For this study, out of 43,900 participants with survey sampling weights from the KNHANES 2016–2022 cycles, we excluded those who met the following exclusion criteria: individuals who were aged less than 19 years (N = 8,140), pregnant or breastfeeding women (N = 237), those who reported no dietary data or implausible energy intake (< 500 kcal/day or > 5000 kcal/day; N = 587), and those who did not have a measurement of serum uric acid (N = 976). Consequently, a total of 33,960 participants were included in the analysis (Fig. 1).

Fig. 1
figure 1

Flow chart of study population, Abbreviation: KNHANES, Korea National Health and Nutrition Examination Survey

Full size image

Assessment of low-carbohydrate diets

Diet was assessed by a 24-hour recall. Trained staff conducted face-to-face interviews and obtained the participants’ food and beverage intake consumed during the day prior to the staffs’ visit. Daily nutrient intakes from each food item were calculated based on the national standard food composition Table [37] and total daily nutrients intakes for each participant were estimated by summing the nutrient intake from all consumed food items.

This study assessed the adherence to the low-carbohydrate diets by calculating the low-carbohydrate diet score (LCDS) [38]. In brief, the LCDS is a low-carbohydrate diet score algorithm that integrates ranks of energy contribution from macronutrients [38]. Participants were divided into 11 equal strata based on the energy percentage from carbohydrates, proteins, or fats. Macronutrient specific scores were then calculated as follows: for protein and fat scores, 0 point was assigned to participants in the lowest stratum and 10 points to those in the highest stratum. The carbohydrate score was assigned in reverse, with 0 point for those in the highest stratum and 10 points for those in the lowest stratum. The three scores were then summed to calculate the overall LCDS, ranging from 0 (lowest for fat or protein, highest for carbohydrates) to 30 (highest for fat or protein, lowest for carbohydrates). A higher LCDS represents a greater likelihood of consuming low-carbohydrates in the diet. Additionally, animal- and plant- based LCDSs were calculated using animal-derived fats and proteins and plant-derived fats and proteins, respectively, to displace total fats and proteins.

Ascertainment of hyperuricemia

Blood samples were collected from participants who fasted ≥ 8-hours overnight, then immediately centrifuged and transferred to the central laboratory within 24 h (Neodin Medical Institute, Seoul, Korea). The serum uric acid levels were determined by colorimetry with the uricase–catalase system (Hitachi automatic analyzer 7600–210, Japan). Individuals were determined to have hyperuricemia if their serum uric acid level was > 7.0 mg/dL for men and > 6.0 mg/dL for women [39]. As a result, a total of 3,347 hyperuricemia cases were determined in this study.

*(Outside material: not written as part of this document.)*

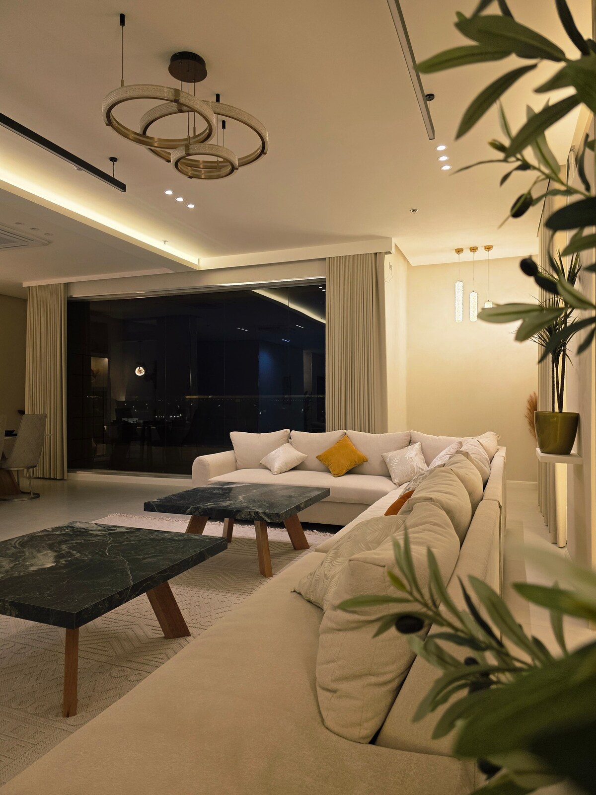 Welcome to your elegant getaway! This luxury 1-bedroom apartment offers a perfect blend of modern comfort and sophisticated design. Thoughtfully furnished with stylish interiors, high-end finishes, and warm ambient lighting, this space is designed for both relaxation and productivity.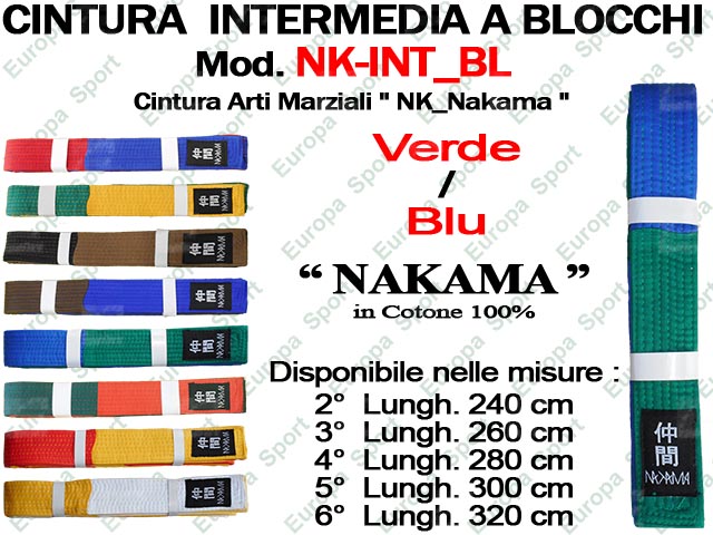 CINTURA ARTI MARZIALI - VERDE / BLU - MOD. NAKAMA INT_BL

Assessment of other covariates

A standardized, self-reported questionnaire was administered to gather detailed information on socio-demographics (age, sex, education, and household income), health-related lifestyle factors (physical activity, smoking status, and alcohol consumption), and medical history [36]. Participants reported the frequency and average intensity of their smoking and alcoholic drinking behavior. Physical activity was assessed by using the global physical activity questionnaire. The total physical activity level was estimated by multiplying the average number of hours and frequencies of each physical activity spent per week with the specific metabolic equivalent task value and summing those across all activities. Weight and height were measured, and body mass index (BMI) was calculated as weight (kg)/height (m2). The estimated glomerular filtration rate (eGFR) was calculated using the Chronic Kidney Disease Epidemiology Collaboration Eqs. [40, 41], which incorporates sex, age, race, and serum level of creatinine. The presence of diabetes was determined if participants had a fasting serum glucose level ≥ 126 mg/dl, received a diagnosis of physician or used oral hypoglycemic drugs or insulin injections [42]. Hypertension was defined if participants had ≥ 140 mmHg systolic or ≥ 90 mmHg diastolic blood pressure (BP) from the average of two BP readings or used an antihypertensive medicine [42]. Hypercholesterolemia was determined if participants had a fasting serum cholesterol level ≥ 240 mg/dL or used cholesterol lowering agents [42].

Statistical analyses

In our descriptive analyses of population characteristics, we estimated the means and standard deviations for continuous variables and the proportions for categorical variables across quintiles of overall LCDS. We primarily investigated the association between low-carbohydrate diet patterns and the risk of hyperuricemia using a logistic regression model, and we calculated the multivariable-adjusted odds ratio (MVOR) and 95% confidence interval (95% CI) across quintiles of overall, animal-rich, and plant-rich LCDS. The multivariable-model adjusted for well-established risk factors and potential confounding factors of hyperuricemia [1, 39], including age (quintiles, years), sex (men, women), household income (low, middle-low, middle-high, high), educational level (elementary school, middle school, high school, college or higher), smoking status (never, past, current), alcoholic consumption (never, past, current, < 2 times/week, ≥ 2 times/week), physical activity (quintiles, MET-min/week), BMI (< 18.5, ≥ 18.5-<23.0, ≥ 23.0-<25.0, ≥ 25.0 kg/m2), eGFR (continuous, ml/min/1.73 m2), hypertension (yes, no), diabetes (yes, no), hypercholesterolemia (yes, no) and intake of total energy (quintiles, kcal/day) and fruits and vegetables (quintiles, kcal/day). A missing indicator was used for covariates with missing data, where applicable. The trend p-value was calculated by modelling the median value within each quintile of LDSC as a continuous term.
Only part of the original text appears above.